If you're from India, I even think you'll enjoy East Bay more than SF. I'm
East Asian and I think ethnic food is way better east/south than in SF, where
I live, where it's all full of fancy and Californian/Italian/French cuisine
with a dash of sushi and Thai.

Be warned though, you will probably want to get a car if you live out east so
budget for it. It's hard to travel without one - but don't travel into SF with
it if you can since parking blows and bridge tolls add up. AC Transit is great
and so is BART for long distance, not so much for nearby
shopping/restaurants/personal needs.

------
subrat_rout
This is a very vague question with lots of facts not useful for a Bay Area
person for giving you some inputs.

1.SF Bay Area is a very spread area. Just a quick Google will give a fair
idea. (For example from San Pablo to San Jose span around 50 miles).

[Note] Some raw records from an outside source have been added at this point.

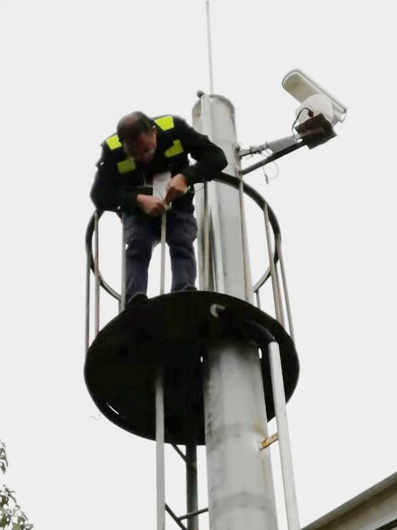 圖為搶修人員在安裝無線網(wǎng)橋 面對難題,中心隊員并沒有退縮,而是積極面對、集思廣義,想到了利用無線網(wǎng)橋點對點的橋接通迅功能,將斷點處的攝像機視頻信號通過網(wǎng)橋無線連接,傳輸?shù)脚R近攝像機光端機上,隨后再一起將信號傳輸?shù)奖O(jiān)控中心,實現(xiàn)網(wǎng)絡(luò)和通迅共享的解決方案。這既可以避免因封道施工造成車輛擁堵,又可以為公司節(jié)省近萬元維修費用。然而在實際操作中,還要解決另外一個棘手的問題,就是無線網(wǎng)橋供電電流和電壓無法直接從攝像機電瓶中獲取,但這些同樣難不到中心隊員們,他們又想到了之前路面拆卸下來逆變器,利用它的逆變原理成功解決網(wǎng)橋供電問題。 說降就降的氣溫,加上路面飛馳而過的車輛帶來的陣陣寒風,吹得隊員瑟瑟發(fā)抖。但他們都知道要是晚一天修復網(wǎng)絡(luò),路面就會多一份隱患。在中心負責人的帶領(lǐng)下,搶修人員按照之前設(shè)定的方案,一人負責云臺上面的無線網(wǎng)橋安裝,另外兩人負責地面逆變器及網(wǎng)絡(luò)的安裝。由于大家分工明確、配合默契,不到半天時間,路面兩處斷點視頻信息再次出現(xiàn)在了監(jiān)控中心的大屏上。 項寅曉
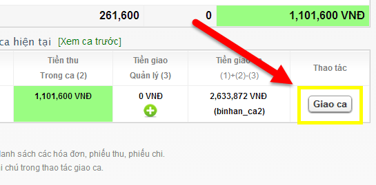 Nhấp nút giao ca. Tiền giao của ca trước sẽ thành tiền nhận từ ca trước của ca sau
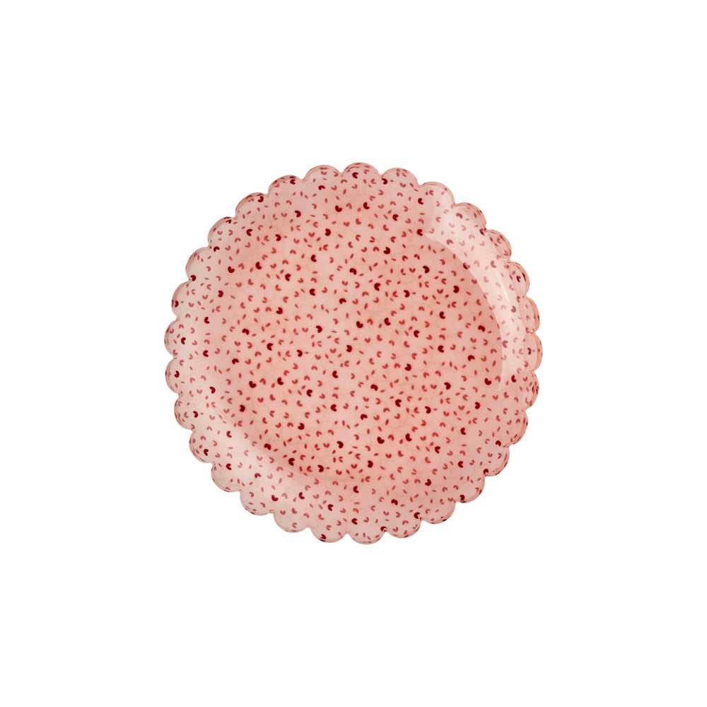 Our acrylic cake plates are perfect for a summer picnic, a tapas night in great company or just a piece of cake on a Sunday afternoon. This one is with cute, coral dots and flower inspired rims! Mix and match it with our melamine tableware or your old heirlooms to create a truly unique table setting… and when it’s time to clean up, you can just pop it in the dishwasher – funky functionality at its best!We love using acrylics as a material when setting the table - the material is strong and durable, has a long lifespan and is overall super practical. Acrylics can even be put in the freezer and can contain food- and drinks up till 70 degrees Celsius.
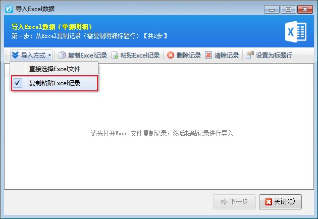 復(fù)制粘貼Excel記錄:先打開Excel文件進(jìn)行復(fù)制操作,復(fù)制需復(fù)制下標(biāo)題行,然后在導(dǎo)入界面點(diǎn)擊“粘貼Excel記錄”,會(huì)把Excel文件中內(nèi)容直接復(fù)制進(jìn)去。
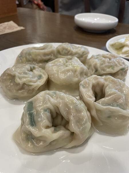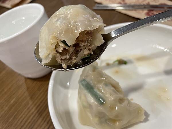然後將餃子放入後直接用湯匙切半就可以吃了喔!
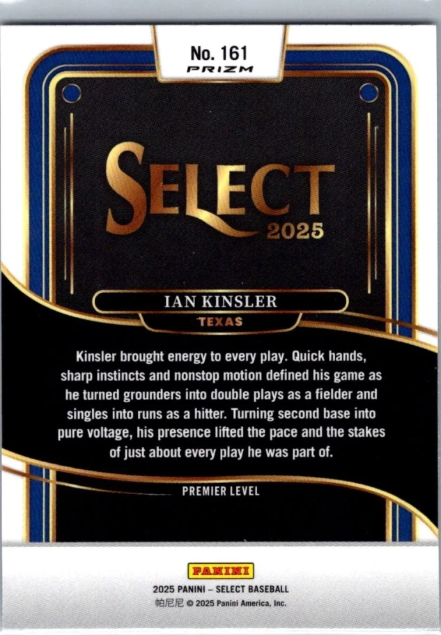 This is a nice example of a 2025 Panini Select #161 Ian Kinsler Silver Prizms

2\. It will depend on where you will work. I believe initially you will prefer
to a location close to your work place. If you have driven before in US and
are willing to buy a car to make a long commute then it is possible to stay at
a distant place with cheap rent from your work. But prepare to spend at least
1 hour each way on the road. Else you are going stay near a BART(Bay Area
Rapid Transit) or Bus route.

3\. In every part of Bay area there are some bad pockets/neighborhoods and
good areas. You have to spend a bit more if you want to stay in a decent
neighborhood. There is a good reason why those areas are pricey. But if you
spend enough time looking around you may be able to find some good place at a
reasonable price near to your work.

4\. Before renting any place go to to Yelp, or apartment reviews sites and
read other people's feedback. It is not always reliable. But if you are seeing
an apartment or housing having several negative reviews in a row then you know
there is something wrong with the place.

Hope this helps.

------
hashtag
What you're asking for is most likely unrealistic...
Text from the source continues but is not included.